President Bush has declared repeatedly, “we do not torture.” But claims of prisoner abuse continue to surface, Amnesty International has declared the US detention center in Cuba to be “a gulag,” and the administration has yet to deny a news report that it holds scores of suspects in secret CIA prisons overseas.
Much of what goes on is classified, so we can’t judge how accurately the President describes what is actually happening in US interrogation centers. But in this article we do present a summary of what has been said, and what has come to light so far.
The President said at a press conference on November 29, 2005:
Bush: The United States of America does not torture. And that’s important for people around the world to understand.
That unequivocal response is typical of all his public comments regarding torture. However, the actual record is more complicated.
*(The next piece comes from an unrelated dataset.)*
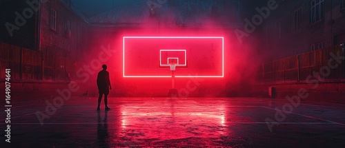 Neon Night Basketball: A solitary figure contemplates a glowing basketball hoop under a crimson sky in an urban setting.

Here we give a brief history of some key events in the evolution of recent US policy and practice regarding torture.
“The Dark Side”
Five days after the terrorist attacks of September 11, 2001, Vice President Cheney said the US would need to operate on the “dark side” and “use any means at our disposal” to combat terrorism. In an interview with NBC’s Tim Russert on September 16, 2001, Cheney said:
Cheney: We also have to work, though, sort of the dark side, if you will. We’ve got to spend time in the shadows in the intelligence world. A lot of what needs to be done here will have to be done quietly, without any discussion, using sources and methods that are available to our intelligence agencies, if we’re going to be successful. That’s the world these folks operate in, and so it’s going to be vital for us to use any means at our disposal, basically, to achieve our objective.
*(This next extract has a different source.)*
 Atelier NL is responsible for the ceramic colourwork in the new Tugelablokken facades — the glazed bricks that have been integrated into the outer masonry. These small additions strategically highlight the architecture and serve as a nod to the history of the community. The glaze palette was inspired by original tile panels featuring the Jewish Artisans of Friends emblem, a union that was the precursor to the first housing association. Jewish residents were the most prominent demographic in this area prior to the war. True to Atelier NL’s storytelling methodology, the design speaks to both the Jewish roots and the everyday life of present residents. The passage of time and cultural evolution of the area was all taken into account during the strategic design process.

Within months of that interview, Bush issued a Presidential Order February 7, 2002 which stated that members of al Qaeda were not considered prisoners of war but were “enemy combatants” instead. As such they were not entitled to the Geneva Convention’s prohibition on torture, which it defines as “any act by which severe pain or suffering, whether physical or mental, is intentionally inflicted on a person.”
Meanwhile, some legal experts within the administration were arguing that the US interrogators might legally inflict pain short of “an extreme level,” defined in graphic terms. A memo sent from the Justice Department to then-White House Counsel Alberto Gonzales on August 1, 2002 – which became known as the “Gonzales memo” because he requested it – laid out a permissive standard:
“Gonzales memo”: We conclude that for an act to constitute torture . . . it must inflict pain that is difficult to endure. Physical pain amounting to torture must be equivalent in intensity to the pain accompanying severe physical injury, such as organ failure, impairment of bodily function, or even death.
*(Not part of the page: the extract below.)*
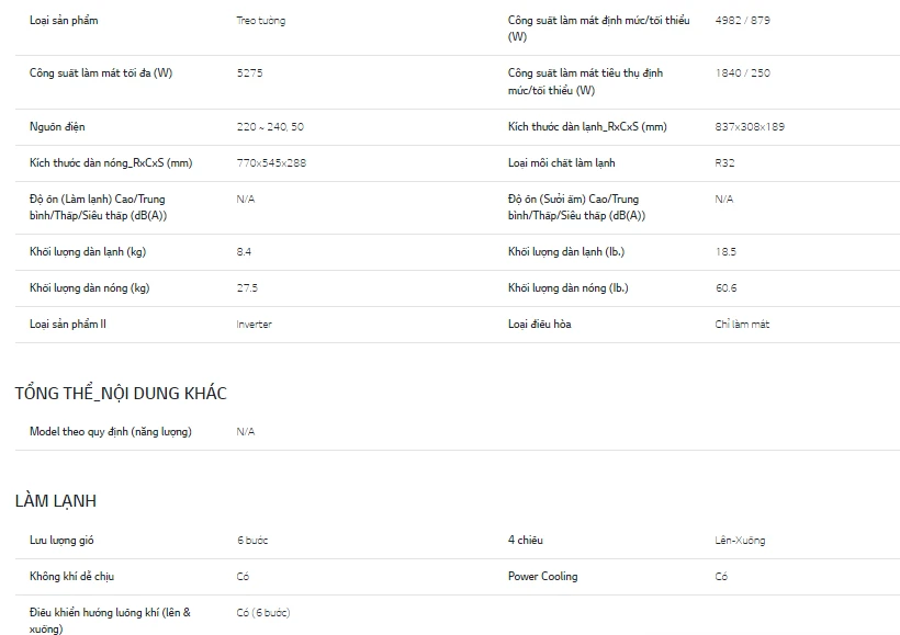 Điều hòa LG treo tường 18000BTU 1 chiều Inverter V18WIN1

The same memo went on to argue that US anti-torture law would not apply at all to interrogations of “enemy combatants” if ordered by the President in time of war, saying that the law “would be unconstitutional if it impermissibly encroached on the President’s power to conduct a military campaign.” It continued:
“Gonzales memo”: As Commander-in-Chief, the President has the constitutional authority to order interrogations of enemy combatants to gain intelligence information concerning military plans of the enemy. The demands of the Commander-in-Chief power are especially pronounced in the middle of a war in which the nation has already suffered a direct attack. In such a case, the information gained from interrogations may prevent future attacks by foreign enemies. Any effort to apply [the law against torture] in a manner that interferes with the President’s direction of such core war matters as the detention and interrogation of enemy combatants thus would be unconstitutional.
That memo, which seemed to argue that the President could legally order torture, caused a public outcry when it became public in 2004. The Justice Department then quickly withdrew it, and Gonzales publicly dismissed it as “abstract legal theory.” The Justice Department then issued a new memo in December 2004 which argued that inflicting “severe” pain would be illegal under the anti-torture law, in contrast to “extreme” pain as stated in the Gonzalez memo. But the new memo pointedly did not discuss whether or not the Constitution permits the President to order torture in time of war, saying any such discussion was “unnecessary.” It added, “Consideration of the bounds of any such authority would be inconsistent with the President’s unequivocal directive that United States personnel not engage in torture.”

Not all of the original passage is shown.